In FIG. 10, the following two conditional expressions are established:
The condition under which the first sheet is conveyed:μF•b×P+μF•a×N>Tc/rc+μ1•2×NIn other words,P>Tc/(μF•b×rc)−N×(μF•a−μ1•2)/μF•b  (1)
The condition under which the retard roller (c) generates the free-running torque without sliding:μB•c×P>Tc/rcIn other words,P>Tc/(rc×μB•c)  (2)
Also, in FIG. 11, the following separating conditions are established:
The balanced force exerted on the second sheet:μ1•2×P+μ1•2×N=μ2•3×N+Rc  (3)
The condition under which the retard roller (C) stops:Rc>Tc/rc  (4)
The condition under which the first sheet is separated from the second sheet in accordance with the expressions (3) and (4):μ1•2×P+μ1•2×N<μ2•3×N+Tc/rc  (5)
In the expression (5), given μ1•2=μ2•3, the conditional expression becomes as follows:
Separating condition:μ1•2×P<Tc/rcIn other words,P<Tc/(rc×μ1•2)  (6)
FIG. 12 is a view that the aforesaid conditions (1), (2), and (6) are represented in the form of a graph with the pressing force P of the retard roller 7 and the free-running torque Tc of the torque limiter 20 being given as parameters.
In FIG. 12, the portion indicated by slanted lines is the normal feed area. From the representation of FIG. 12, it is understandable that the normal feed area becomes wider if the sheet-feeding conditions are set under the directional condition (toward the upper right in FIG. 12) in which both the pressing force P of the retard roller and the free-running torque Tc of the retard roller are made larger.
However, the recording apparatus provided with the conventional retard roller-separation described above is encountered with the following drawback:
Firstly, as described above, the normal feed area becomes wider if the sheet-feeding conditions are set under the directional condition (toward the upper right in FIG. 12) in which both the pressing force P of the retard roller and the free-running torque Tc of the retard roller are made larger.
However, under such condition, it becomes easier for the recording medium to promote the surface friction of the retard roller, and the retard roller tends to suspend the generation of the free running torque in a short period of time, which may bring about the drawback that the normal feed is disabled eventually.
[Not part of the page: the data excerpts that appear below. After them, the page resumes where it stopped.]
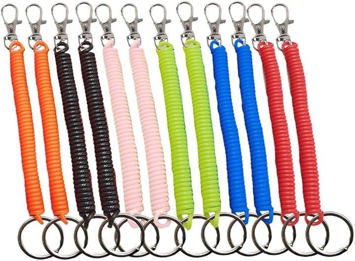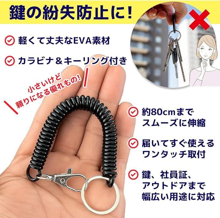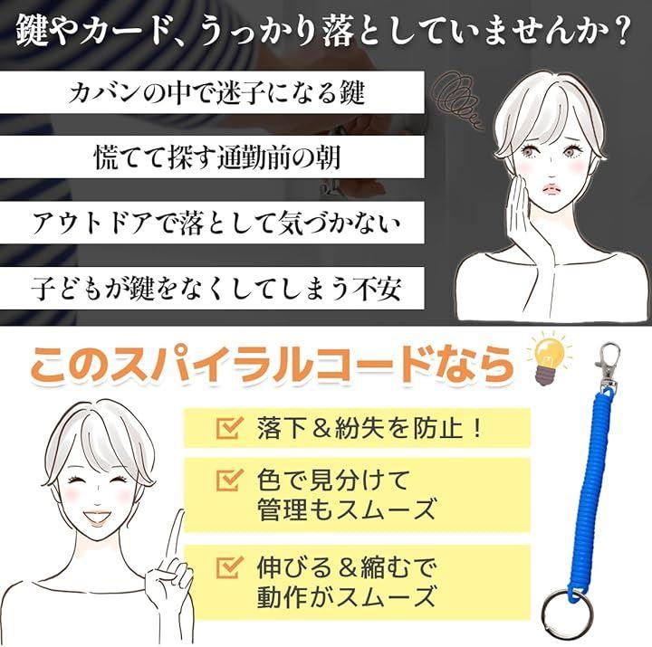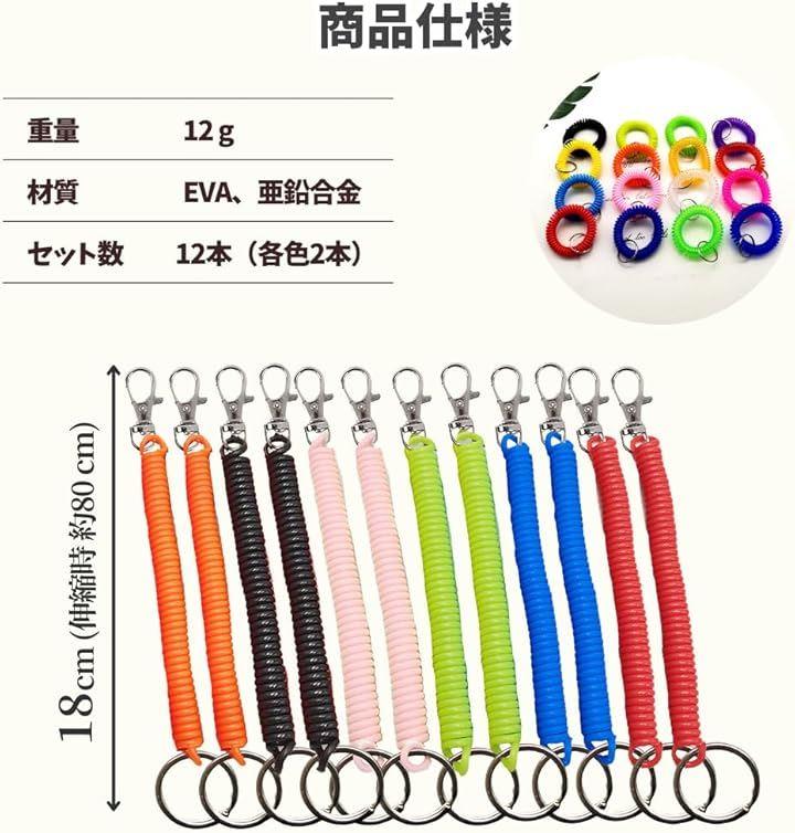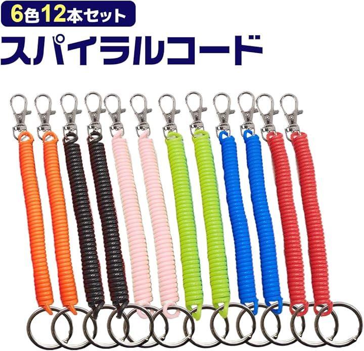 「家族みんなで使える。便利でカラフルな12本セット」毎日使う鍵やパスケースの「うっかり落下」を防ぐ、伸縮自在なスパイラルコードです。
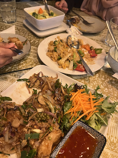 We had one of the most disappointing dining experiences at this venue, despite its reputation for great Thai food. From the start, the service was dismal, with wait staff appearing uninterested and inattentive. The arrival of our meals was chaotic and frustrating: for a table of six, dishes were brought out two at a time, spanning over an hour. The first two meals arrived, followed by another two 20 minutes later, and the final dish came a full 25 minutes after that.
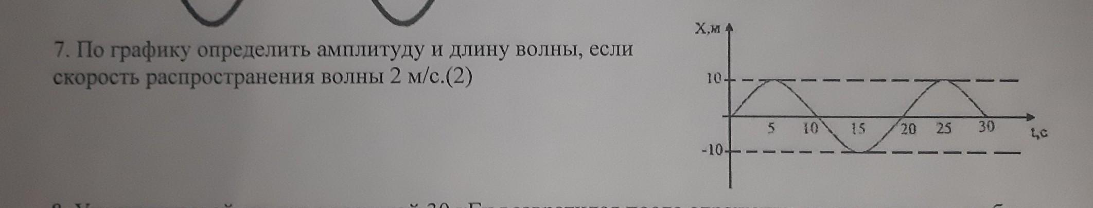 По графику определить амплитуду и длину волны, если скорость распространения волны 2м/с
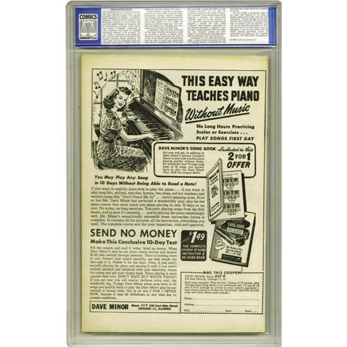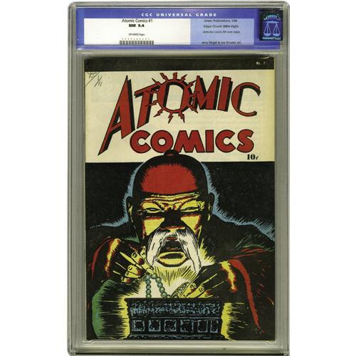 <B>Atomic Comics #1 Mile High pedigree (Green Publishing Co., 1946) CGC NM 9.4 Off-white pages.</B></I> DC wasn't pleased! Not only did this title rip off the <B>Detective Comics</B></I> #8 cover for its first issue, it also enticed Superman creators Jerry Siegel and Joe Shuster to contribute a story. This is the Mile High copy, so the condition isn't a surprise; to date CGC has certified a higher grade to just one other copy of #1. Overstreet 2006 NM- 9.2 value = $1,775. CGC census 3/06: 3 in 9.4, 1 higher.
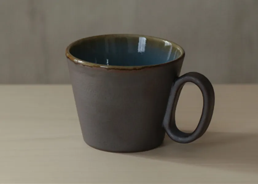 「生涯を添い遂げるマグ 楢岡焼」は、楢岡焼の伝統的な技術である海鼠釉(なまこゆう)を活かしつつ、マット鉄釉をカップ外側に施すことで、武骨でクールな表情、独特なマットな質感を力強く表現しました。それにより、内側に施した吸い込まれるような深い青色の海鼠釉の柔らかい表情、安心感をより際立たせています。
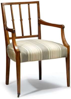 Squared back enclosing three rectangular splats, sloping arms, armrests and squared tapering legs, all with brass inlay.
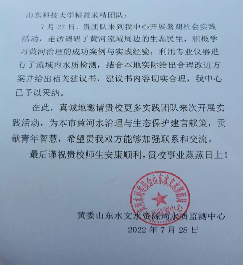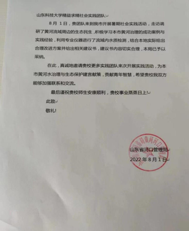 与此同时,学院精益求精团队在暑假期间前往东营市对黄河流域周边的生态民生积极开展社会实践工作,多次进行实地考察和勘测,并结合当地实际情况提出了中肯的建议。精益求精团队将自己的所学知识运用到了实践工作中去,真正做到了活学活用,为当地的黄河水流域治理和生态保护工作做出了贡献。山东省河口管理局在信中对精益求精团队的工作态度和专业能力予以充分的肯定,并诚挚邀请我校更多的实践团队前往黄河流域开展实践工作。这不仅肯定了我校同学的工作能力,更肯定了我校在人才培养工作上做出的努力。
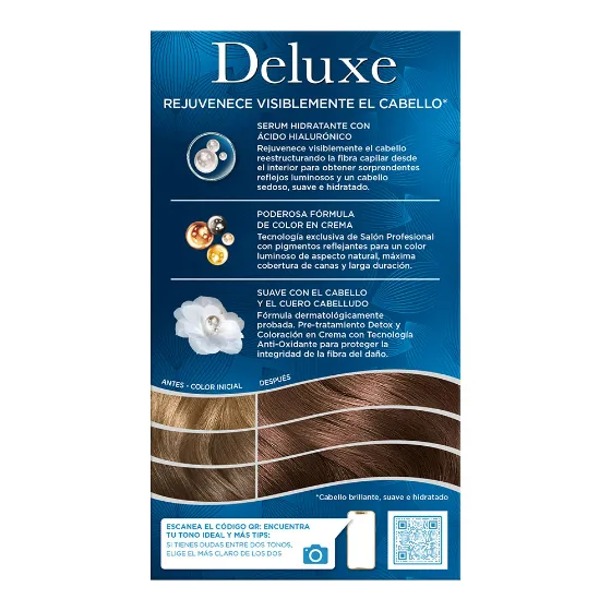 Deluxe llegó con la nueva gentil rutina de color en 3 pasos ¡tu cabello lucirá visiblemente rejuvenecido! Esta poderosa fórmula trae la mejor tecnología del cuidado de la piel a tu cabello, reestructurando la fibra capilar desde el interior para obtener sorprendentes reflejos luminosos, para un cabello suave e hidratado. Deluxe brinda tecnología exclusiva profesional con pigmentos puros para un color luminoso, de aspecto natural y 100% cobertura de canas con larga duración. ¡No escojas ya entre el color o el cuidado para tu cabello, con Deluxe ambos son posible!
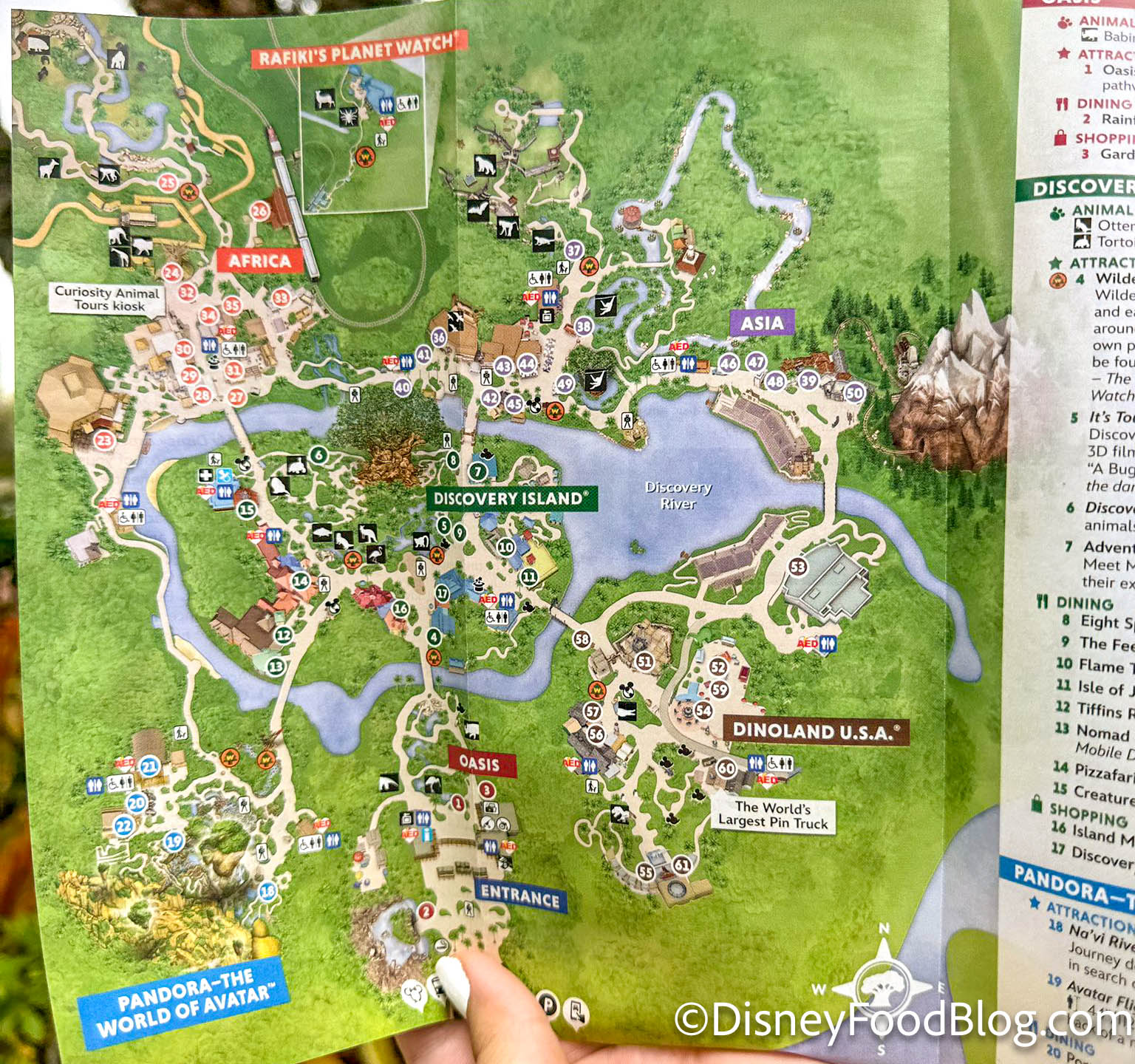 When you open the front page, you’re greeted by the Alive with Magic spread, which includes some of Animal Kingdom’s biggest highlights. It mentions popular entertainment, character meets, dining, and animal experiences. It also gives a little guide to the My Disney Experience app. The map itself is where we spotted the changes — there are new character meet-and-greet icons in DinoLand, U.S.A., and The Oasis. These mark the spots where Goofy, Pluto, and Pocahontas meet now.

Secondly, in order to avoid the drawback described in the preceding paragraph, the sheet-feeding conditions are set under the condition in the direction (toward the lower left in FIG. 12) in which the pressing force P of the retard roller and the free-running torque Tc of the retard roller are both made smaller. Here, as long as the friction coefficient between each roller and the medium is significantly larger than the friction coefficient between the adjacent mediums themselves, there occurs no problem. However, in the case of glossy sheets where the difference in friction coefficient is very small between those between each roller and the medium, and the mediums themselves, it is inevitable to use the narrower area of the normal feed area shown in FIG. 12, which is fundamentally narrow as a whole. As a result, when being fed, double feeding tends to occur eventually. Particularly, in the case of the ink jet recording apparatus where it is necessary to feed and convey various and many kinds of medium, this harmful effect may take place often.
As described above, it is very difficult to set the sheet-feeding condition under which all the kinds of mediums can be fed and conveyed stably, and the condition should be set at the sacrifice of some other medium, one kind or another.